From: AlterNet
by Jeff Morey
May 15, 2013
The
manhunt for the Boston Marathon bombing suspects offered the nation a
window into the stunning military-style capabilities of our local law
enforcement agencies. For the past 30 years, police departments
throughout the United States have benefitted from the government’s
largesse in the form of military weaponry and training, incentives offered in the ongoing “war on drugs.” For
the average citizen watching events such as the intense pursuit of the
Tsarnaev brothers on television, it would be difficult to discern
between fully outfitted police SWAT teams and the military.
The lines blurred even further Monday as
a new dynamic was introduced to the militarization of domestic law
enforcement. By making a few subtle changes to a regulation in the U.S.

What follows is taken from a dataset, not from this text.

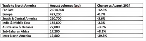 根據(jù)最新的CTS數(shù)據(jù),只有來自大洋洲和撒哈拉以南非洲的的進(jìn)口量出現(xiàn)了增長,而來自遠(yuǎn)東的跨太平洋干線的進(jìn)口量同比下降12.3%,與2024年8月相比減少約30萬TEU,這表明了美國關(guān)稅政策對今年“旺季”的影響。

Code titled “Defense Support of Civilian Law Enforcement Agencies” the
military has quietly granted itself the ability to police the streets
without obtaining prior local or state consent, upending a precedent
that has been in place for more than two centuries.
The
most objectionable aspect of the regulatory change is the inclusion of
vague language that permits military intervention in the event of “civil
disturbances.” According to the rule: “Federal military commanders have
the authority, in extraordinary emergency circumstances where prior
authorization by the President is impossible and duly constituted local
authorities are unable to control the situation, to engage temporarily
in activities that are necessary to quell large-scale, unexpected civil
disturbances.”
Bruce
Afran, a civil liberties attorney and constitutional law professor at
Rutgers University, calls the rule, “a wanton power grab by the
military.” He says, “It’s quite shocking actually because it violates
the long-standing presumption that the military is under civilian
control.”
A
defense official who declined to be named takes a different view of the
rule, claiming, “The authorization has been around over 100 years; it’s
not a new authority. It’s been there but it hasn’t been exercised. This
is a carryover of domestic policy.” Moreover, he insists the Pentagon
doesn’t “want to get involved in civilian law enforcement. It’s one of
those red lines that the military hasn’t signed up for.” Nevertheless,
he says, “every person in the military swears an oath of allegiance to
the Constitution of the United States to defend that Constitution
against all enemies foreign and domestic.”
One
of the more disturbing aspects of the new procedures that govern
military command on the ground in the event of a civil disturbance
relates to authority. Not only does it fail to define what circumstances
would be so severe that the president’s authorization is “impossible,”
it grants full presidential authority to “Federal military commanders.”
According to the defense official, a commander is defined as follows:
“Somebody who’s in the position of command, has the title commander. And
most of the time they are centrally selected by a board, they’ve gone
through additional schooling to exercise command authority.”
As
it is written, this “commander” has the same power to authorize
military force as the president in the event the president is somehow
unable to access a telephone. (The rule doesn’t address the statutory
chain of authority that already exists in the event a sitting president
is unavailable.) In doing so, this commander must exercise judgment in
determining what constitutes, “wanton destruction of property,”
“adequate protection for Federal property,” “domestic violence,” or
“conspiracy that hinders the execution of State or Federal law,” as
these are the circumstances that might be considered an “emergency.”
“These
phrases don’t have any legal meaning,” says Afran. “It’s no different
than the emergency powers clause in the Weimar constitution [of the
German Reich]. It’s a grant of emergency power to the military to rule
over parts of the country at their own discretion.”